Torah accepted this rather reluctantly. "I see. Well, before you kill us, would you please give us your entire background history, and after that, would you please kill her first, so that my family will get all the insurance?"
"I'm not going to kill either of you, Torah."
"Oh. Well, in that case, stand behind me, Beta. I'll protect you."

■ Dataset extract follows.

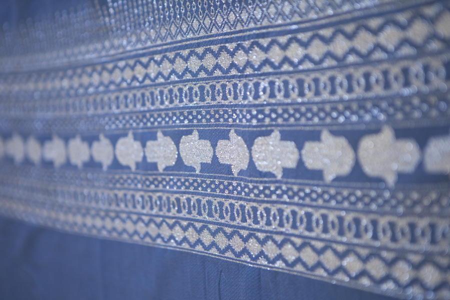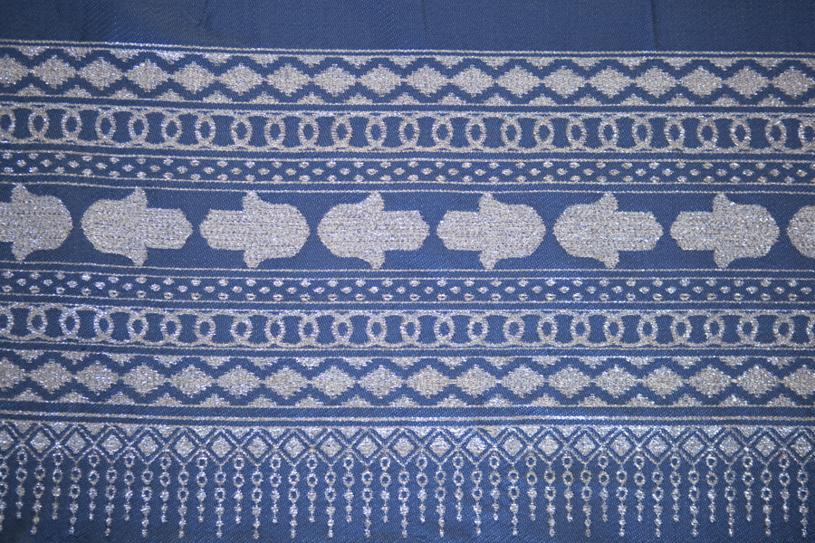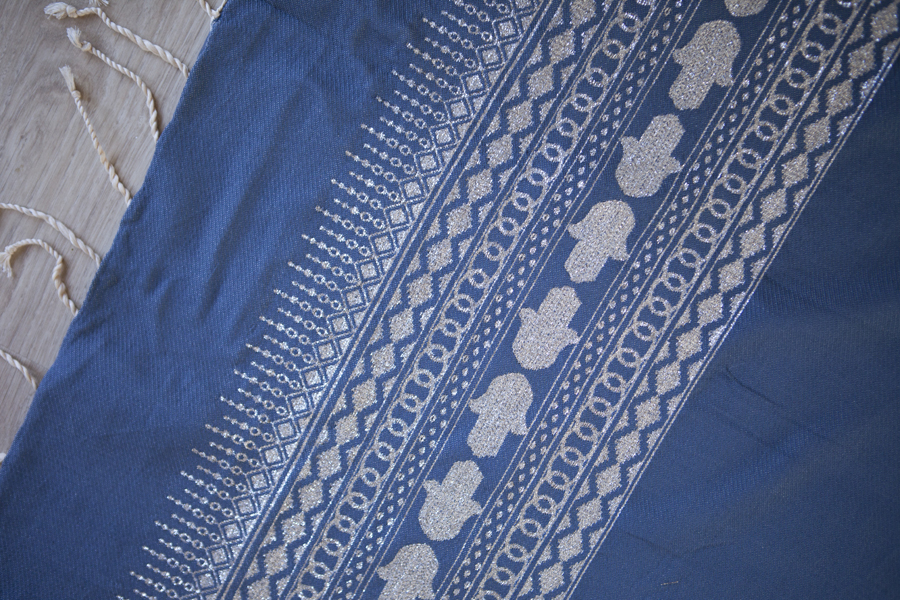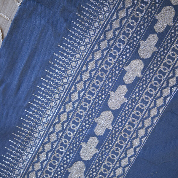 HOUSE OF GALILEE Handmade Aegean Blue Throw with Silver Hand of Fatima and Silver Trim

The Boar continued. "To make a long story short, I was never an especially funny person, you know. I've always wanted to do exquisite plays on words, but when the time came, I couldn't think of them, you know. Only hours later would I come up with the perfect rejoinder, you see. Anyway, to make a short story long; so I went until one day I overheard an old Andrew Dice Clay monologue. In a flash I realized my purpose. Insults! Profanity! True, it wasn't very funny, you know, but it was infectious. Any who listened were drawn into the insidious web of four-letter words and put-downs. And once there, I would be their master. To make a long story longer, I would rule the universe. Because I am not a very clever person, you see. They call me the B-O-A-R, but it should actually be spelled differently ..." He glanced again at Beta and Torah, but they had long since proved his point and faded into a tortured slumber.